We often counsel employers to focus on an employee’s ability to perform the job rather than the fact of an employee’s health issues when explaining adverse employment decisions. I love a good sports analogy, but even such an analogy probably should not divert us from this best practice. In a recent decision from the U.S. District Court for the Northern District of Illinois, the judge denied a university’s motion for summary judgment on a professor’s disability discrimination claim when the professor’s Dean wrote the following in recommending that the contract of a professor who had contracted a lung disease not be renewed:

Here’s how [I] view it, and I will argue by analogy. Suppose a star major league baseball player signs a multi-million dollar five year contract. Further suppose that two years into the contract the player sustains, through no fault of his own, a career-ending injury. Certainly the team is obliged to still pay him until the end of his contract — presumably his agent put in language to that effect. But when the five years are up, is the team obliged to offer him a new five year contract when he can no longer play the game at the major league level? Clearly not. The same would be true here, in my view: nowhere does Dr.
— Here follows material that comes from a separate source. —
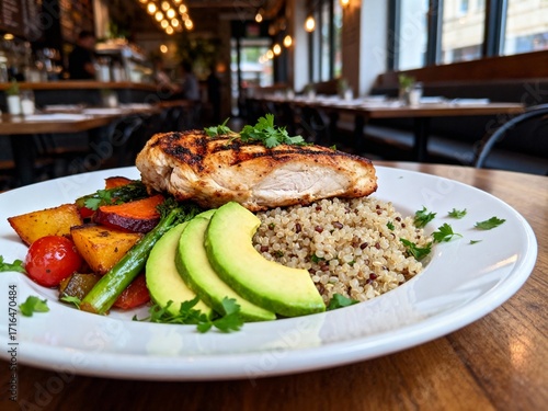 Healthy dish with grilled chicken, quinoa, avocado and colorful fresh vegetables in a modern restaurant promoting balanced eating
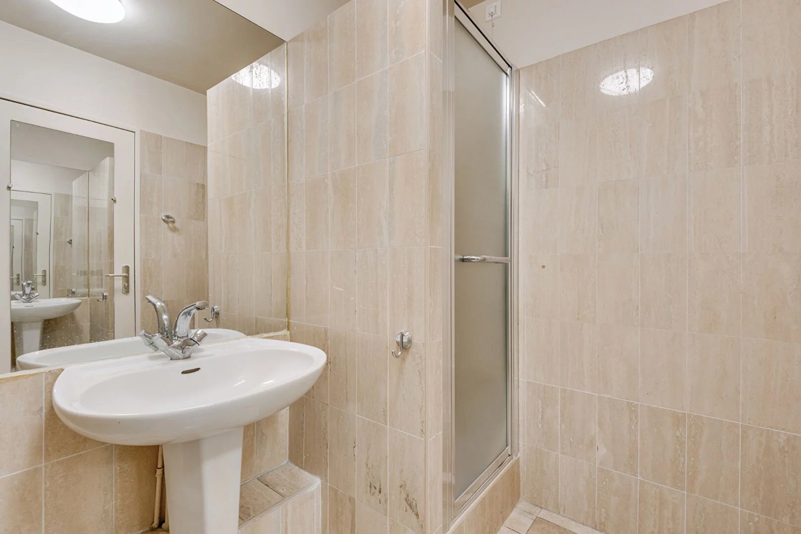 A 100 mètres de la place des Ternes, 64 av de Wagram, au 4e étage d'un immeuble 1980, vaste 3 pièces (87.8 m² carrez + balcons 2.m² et 2.80m²,) comprenant: séjour 18.45m² + 2 chambres (14,64 et 20,66 m²) cuisine, salle de bains + salle d'eau, nombreux rangements (placards et dressing). A moderniser . Double exposition. Cave. Possibilité parking en sus 45.000 euros

Matland claim his illness is going to ameliorate, that renewed high productivity can be expected. So I do not see an injustice in passing the responsibilities of the…professorship on to someone else.

Even though a faculty committee had made the same recommendation looking solely at the professor’s academic work, the court pointed to the Dean’s memo as evidence upon which a jury could rely in finding for the professor on his disability discrimination claim because it could be read as saying the illness was the reason for the termination decision.